Getting to know Carbon budgets (Source: UNEP/ The Heat Is On)
Global warming is close to linearly proportional to the total net amount of CO2 that has ever been emitted into the atmosphere as a result of human activities. Therefore, limiting global warming to a specified level requires that the total amount of CO2 emissions ever emitted be kept within a finite carbon budget.
Recently, the IPCC’s AR6 published new estimates of the remaining carbon budget for limiting warming to 1.5C or 2C relative to pre-industrial levels. According to these, human activities resulted in about 2,390 GtCO2 between 1850 and 2019, contributing around three-quarters of the 1.07C of human-induced warming from 1850-1900 to 2010-2019.
To limit warming to 1.5C with a 66% or 50% chance, the remaining carbon budget is estimated at 400 and 500 GtCO2, respectively.

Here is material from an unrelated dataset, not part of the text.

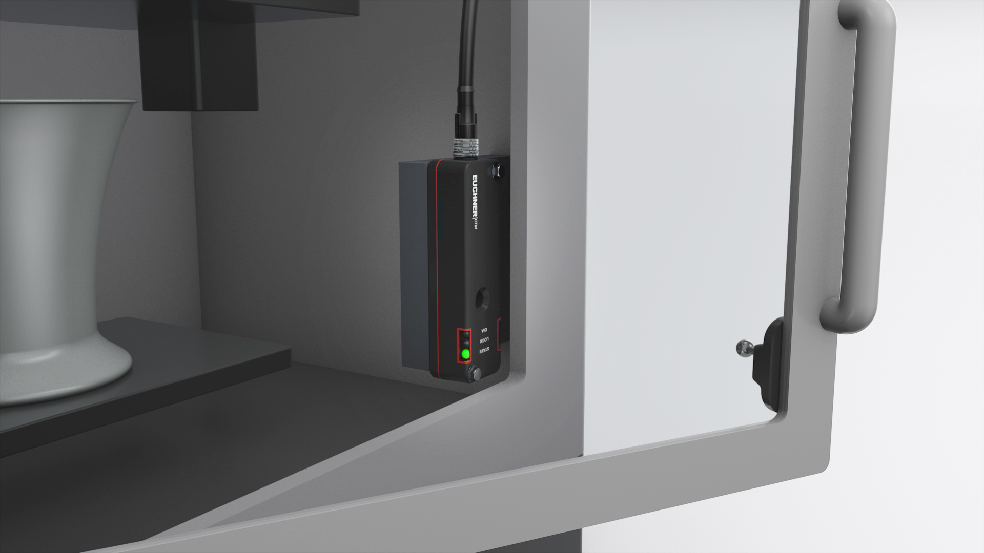 El nuevo bloqueo CTM con codificación por transponder, desarrollado especialmente para el uso en trampillas pequeñas y puertas ligeras de máquinas de embalaje, impresiona por sus pequeñas dimensiones. Es uno de los dispositivos de bloqueo más pequeños del mercado mundial y permite proteger procesos y personas en el mínimo espacio. El actuador de bola con soporte de elastómero hace posible la protección de puertas con radios de giro extremadamente reducidos. Todo ello ofrece a los constructores una nueva libertad: la de integrar el bloqueo en el diseño de la máquina de forma casi invisible. El CTM garantiza el máximo grado de protección, el IP69, y está disponible en versión higiénica. Además, gracias a las funciones de comunicación inteligentes, está perfectamente preparado para el futuro de la industria 4.0.

For 2C, these estimates are 1,150 and 1,350 GtCO2, respectively. Current annual global CO2 emissions are above 40 GtCO2/year, meaning that urgent and deep emissions reductions over the next decade are required to stay within the remaining budgets.
Carbon budgets are not the only determinant of global warming. The warming that accompanies non-CO2 emissions also plays a role. AR6 carbon budgets assume that non-CO2 emissions are reduced following the median reductions from deep mitigation scenarios. For methane, this implies at least a 30% reduction in 2030 compared with 2010, and about a 50% reduction in 2050. The remaining carbon budgets may vary by an estimated 220 GtCO2 or more, depending on how deeply future non-carbon dioxide emissions are reduced.